Speaker Dr. Jingshi Shen
Date Apr 4, 2014
Time 12:00 pm  
Location Charles G. Miller Auditorium (B102 CLSL)
Cost Free
Sponsor

Dr. Rudy Fratti

Contact Cara Day
Phone 217-333-2013
Event type Seminar
Views 1619
Originating Calendar Biochemistry Department Seminars
ABSTRACT: The glucose transporter GLUT4 plays central roles in maintaining blood glucose homeostasis. Under basal conditions, GLUT4 is sequestered in intracellular vesicles in adipose and skeletal muscle cells. Upon insulin stimulation, GLUT4-containing vesicles fuse with the plasma membrane, relocating GLUT4 to the cell surface. Once on the cell surface, GLUT4 facilitates the uptake of excess blood glucose into the cell for disposal, thereby maintaining the blood glucose homeostasis. Imbalances in GLUT4 exocytosis result in insulin resistance and type 2 diabetes. GLUT4 vesicle fusion requires SNAREs as the core machinery, and a large group of regulatory factors. It remains unclear how SNAREs act in concert with the regulatory factors to mediate and regulate GLUT4 vesicle fusion. We are addressing the problem from a novel angle by reconstituting GLUT4 vesicle fusion in vitro using purified components, and then validating our findings in adipocytes.

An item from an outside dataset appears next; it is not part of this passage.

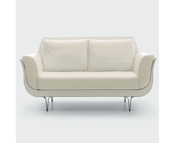 Чаша, раковина, корпус, открытая и пустотелая форма, полностью обшита кожей. Перевернутое и вытянутое седло, опирающееся на узкие металлические кронштейны и заполненное подушками, которые копируют его форму и в то же время смягчают его. Ссылка к неоклассическому силуэту, холодному и совершенному, в то же время к наслаждению от сексуальных форм женских фигур на нем, всегда лежащих на спине на картинах или в академической презентации – все это завершает геометрию и цитирование сторонников классицизма. В этом диване смешались традиции шорных изделий и обойного ремесла в виде нового прочтения пространства и неоклассической обстановки, а также их самых общих и распространенных образов.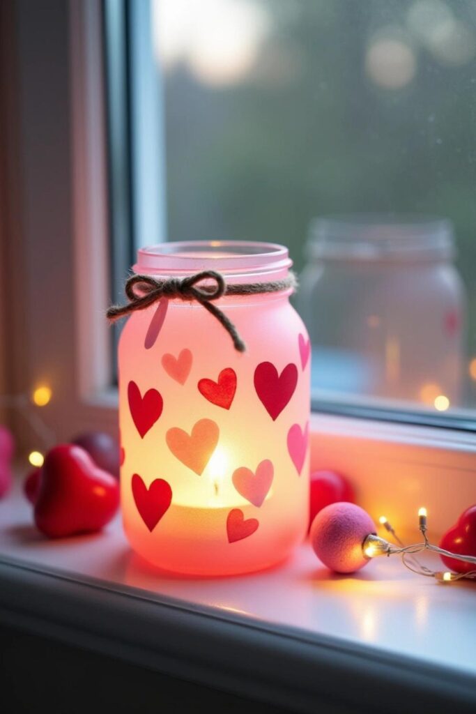 Get creative by adding hearts, glitter, or lace, then tie a lovely ribbon around the jar’s neck. For a special touch, carve out a heart-shaped design so light can peek through.

In defined fusion systems, SNAREs and regulatory factors can be individually added or perturbed without the complications of other molecules naturally present in the cell, allowing their kinetic effects on fusion to be causally established. We have reconstituted and characterized eight proteins implicated in GLUT4 exocytosis including three SNAREs – syntaxin-4, SNAP-23, VAMP2– and five regulatory factors – Doc2b, Munc18c, E-Syt1, tomosyn, and synip. We observed that GLUT4 exocytic SNAREs drive a basal membrane fusion reaction. Each of the regulatory factors binds to a distinct assembly of the SNAREs on the membrane and markedly alters fusion kinetics. Whereas Doc2b, Munc18c and E-Syt1 robustly accelerate the fusion kinetics, tomosyn and synip arrest membrane fusion at distinct intermediate stages. Our findings provide novel mechanistic insights into insulin-controlled GLUT4 exocytosis, and may facilitate the understanding and treatment of insulin resistance and type 2 diabetes.